Dutchman Embarking onto a Yacht | Ludolf Backhuysen (1670)

2.5: IOT -> AI -> DLT

Data permeates our discussion of the future so much it has become almost passe. Ask any business leader, technologist, academic, or bureaucrat and they will universally herald the arrival of our “Big Data” future. Surely with enough data we can solve all of our societal ills, or at least make ALOT of money at the expense of unwitting data providers.

Throughout human history “data” (aka information) has been the REAL commodity, not gold, not wheat, not standing armies. What good did having the superior aircraft carriers and pilots do for the Japanese at the battle of Midway when the American code breakers knew they were coming? Information precedes physical action. Whoever has information asymmetry wields asymmetric power over others.

To be useful in the world, data needs to be generated from an accurate source (IOT) -> processed efficiently (AI) -> then stored securely (DLT). This chapter presents a way to think about all three datacentric mega trends under one roof.

  • Starting with IOT (Internet of Things) we have a large umbrella of data gathering technologies. The IOT revolution is enabled by increasingly inexpensive internet connected computers and sensors borrowed from the smartphone revolution.

  • Having vast amounts of IOT generated data means nothing if it cannot be effectively analyzed. We use the term “AI” but in reality Artificial Intelligence and Machine Learning are both variations on the same theme of using statistics to make inferences. AI simply looks for statistical patterns in data by searching fitness landscapes is ways humans would never have the resources or patience to try. This “fitness landscape searching at scale” skill is immensely powerful as it uses iterative computing power to synthesize vast amounts of information until some meaning (aka Correlation, aka Fitness function, aka Goal) is found.

  • This leads to where we should store this vast amount of IOT derived and AI analyzed data.. distributed ledgers! Not only do we need a trusted commons to keep our data out of the hands of centralized monopolies, but we also need the structure DLT inherently provides. The only way hash linked distributed databases can work is to use a shared set of standards.
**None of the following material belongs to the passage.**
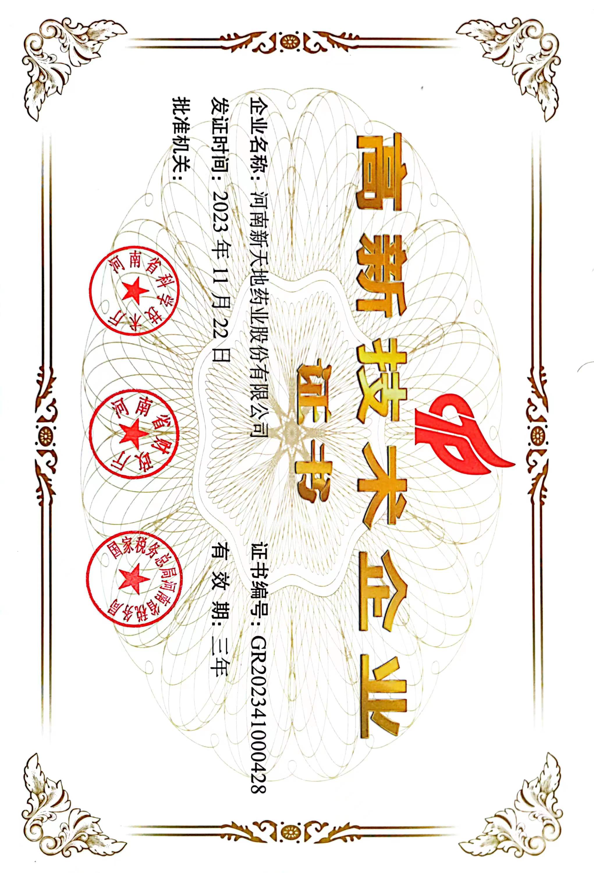 公司是国家级高新技术企业、商务部重点企业、河南省高新技术产品出口重点企业、河南省创新型试点企业、河南省知识产权优势培育企业、河南省百户高成长性中小企业,先后被批准成立河南省抗生素中间体工程技术研究中心、河南省博士后研发基地。公司先后于2006年和2007年获得英国摩迪国际认证有限公司ISO 9001:2000质量管理体系、BS EN ISO 14001:2004环境管理体系、OHSAS 18001:1999职业健康安全管理体系“三标一体”认证。
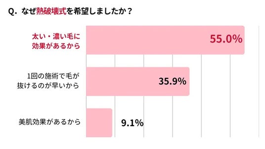 「太い・濃い毛に効果があるから(55.0%)」が最も多く、次の「1回の施術で毛が抜けるのが早いから(35.9%)」も合わせて、熱破壊式脱毛に対して高い効果を期待している人が多いことがわかります。

For AI to be truly effective, having a clear digital paper trail with timestamp, sending account/receiving account, etc. information baked into the data itself is crucial.

The IOT Problem + DLT Solution

At the beginning of our data journey from raw information to accurately processed and stored result, many issues can effect the validity and integrity of raw machine generated data. If we look at our current paradigm, IOT data is often generated into unencrypted log files stored locally on the device, then sent to a single centralized SQL server or cloud instance. At minimum, IOT data should be hashed with a compressed hash root store on a distributed ledger. Without taking this step, the integrity of the data gathered is only as good as the 3rd party trusted to keep a record of what was generated.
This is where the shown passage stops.